I've been keeping a low profile since Juliette blogged that I had joined the Cloudworks team, back in January. However, as we will shortly be launching a new feature – namely, the Cloudworks site translated into Greek, it seems like a good time to share our experiences. I'll keep technical detail to a minimum.
First, it should be pointed out that it is the user-interface, for example the main navigation links and form labels that have been localized (translated), not the dynamic content, Clouds, Cloudscapes and so on. Greek was chosen as the first language as we recieved European funding for this purpose, but translating into other languages will require less effort (volunteers are welcome to email email@example.com).
Cloudworks is built on top of the CodeIgniter software framework, which has support for internationalization. However, CodeIgniter uses a bespoke method, which though it is efficient, has drawbacks, for translators - a lack of tools, and for developers - having to simultaneously edit two files when internationalizing a source text. Both these issues were a concern given the size of Cloudworks (700 texts extracted!) and the limited time available. (Tech: by default CodeIgniter stores language packs in arrays, a similar method to that used by the Moodle open-source e-learning software.)
After further research, I settled on GNU Gettext, a set of free/open-source software libraries and file formats, which is used by many Linux distributions, and by web projects including Wordpress and Drupal (with subtle variations).

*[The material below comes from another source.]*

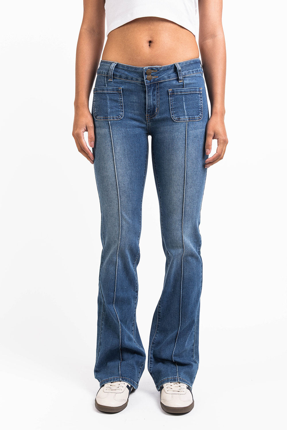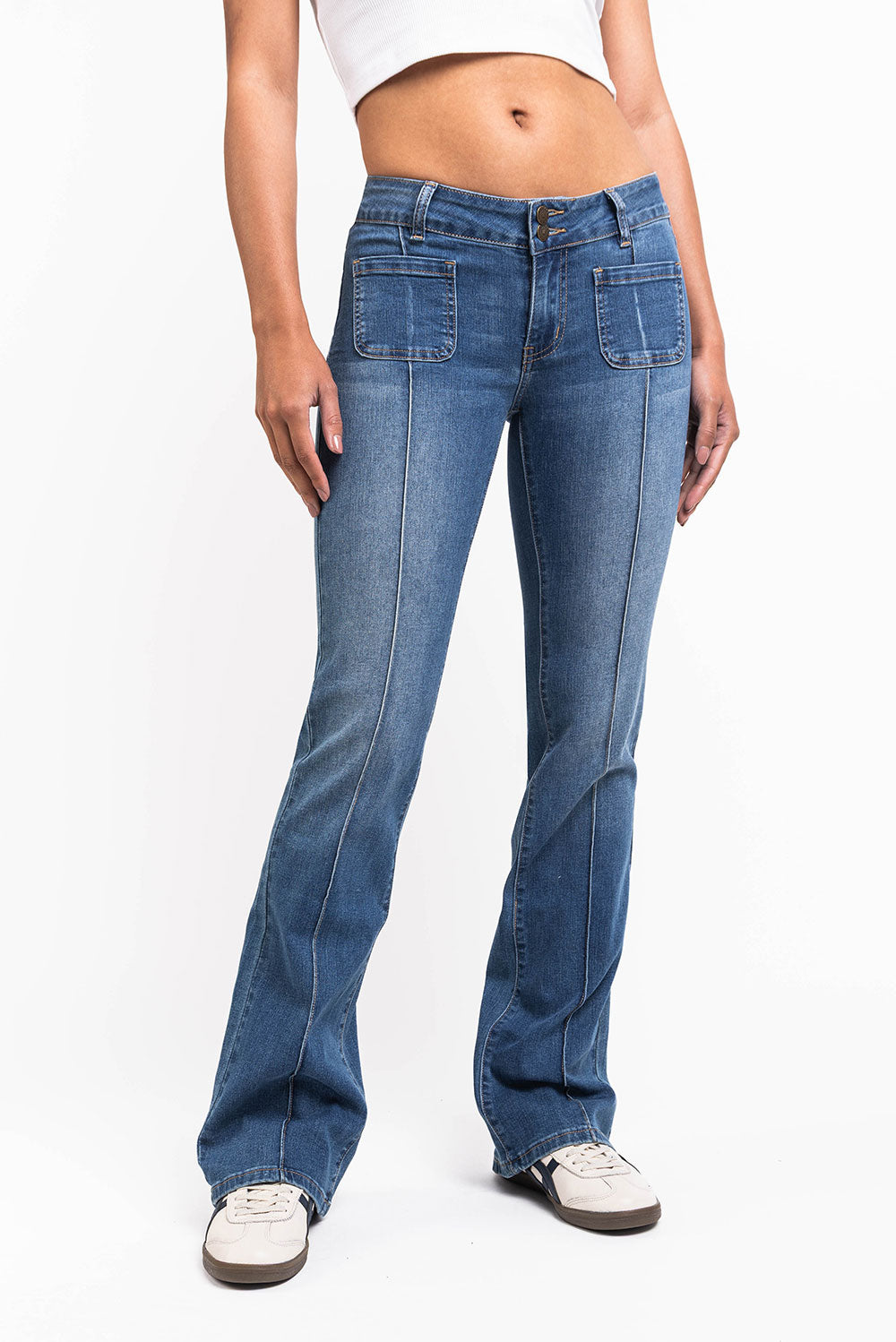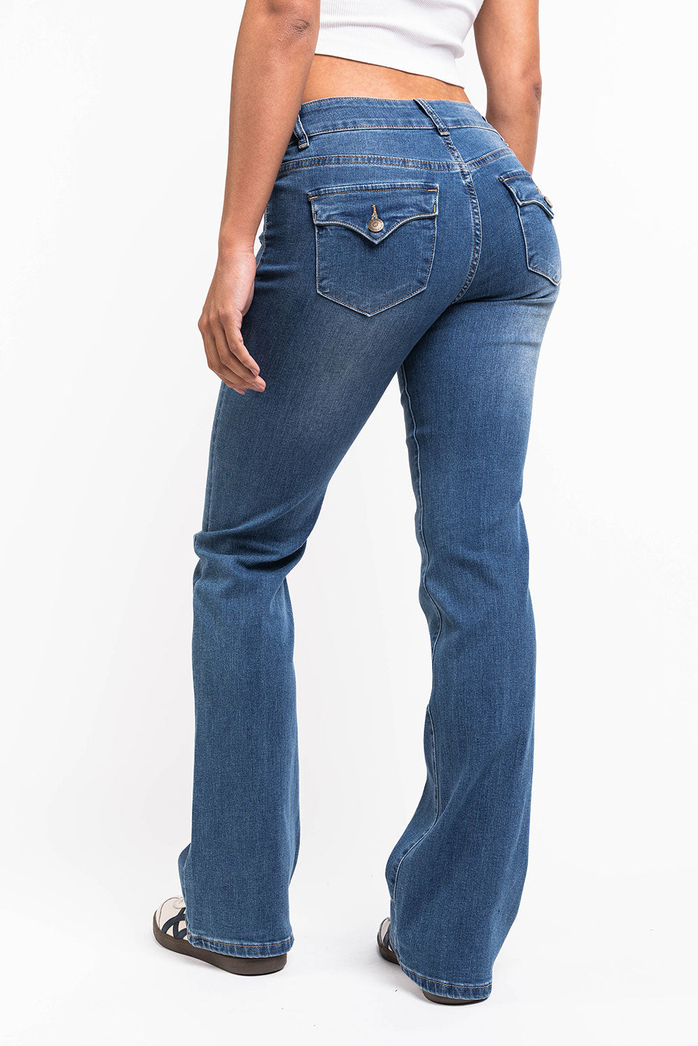 Dessa jeans med låg midja har en tidlös bootcut-passform med funktionella bak- och framfickor. Detaljer som pressveck, hällor och gylf med dragkedja ger struktur, vilket gör dessa jeans till ett praktiskt val för vardagsbruk.

In the Gettext method, each text string in the software is manually wrapped by the developer in a function call (a software notation or syntax). A software tool is used to automatically extract each chunk of text to a file (with a .po or .pot file extension).
The translator uses a specialised graphical editor to translate the text. Files can be merged and joined. The resulting file is converted to a binary format (.mo extension), which is deployed to the server. Gettext handles plurals (languages use suffixes differently for zero, one, two...), and to some extent dates.
I developed a system of placeholders for dynamic parts of sentences and phrases - for example the titles of Clouds, names of contributors, dates and so on. This borrowed heavily from Drupal with some variations to help maintain content flow, particularly in the about pages (the only content to be translated). And, the language will be chosen based on your browser software's configuration, with the option to override this by selecting the language from a menu.
What lessons have we learnt?
- Using built-in date/time functionality (Tech:
strftimePHP/C function) is not trivial, due to encoding issues on Windows servers. This is one reason why web projects like Drupal handle dates and times themselves.
- Preparing the template files for translation, writing notes/instructions for translators, and integrating the text from translators takes more time than you might think.
- Character encoding can be an issue - for historical reasons Cloudworks uses Latin1 (ISO-8859-1), and we still need to convert content with a quite a lot of accents to Unicode. (Note, this may require some down time - we'll keep you posted.)
- The only drawbacks to Gettext that I have found in the context of a web site/application, are the need to create a binary file, and the difficulty of extending a language using multiple files. Drupal deals with these issues by handling the localization files itself, bypassing the default system functionality.
Finally, my thanks to Martha Vasiliadou from Innovade LI Ltd. in Cyprus, who is doing a great job of translating the site to Greek! And we'll keep you posted as we release the new language functionality.
Posted by Nick Freear on 26 March 2010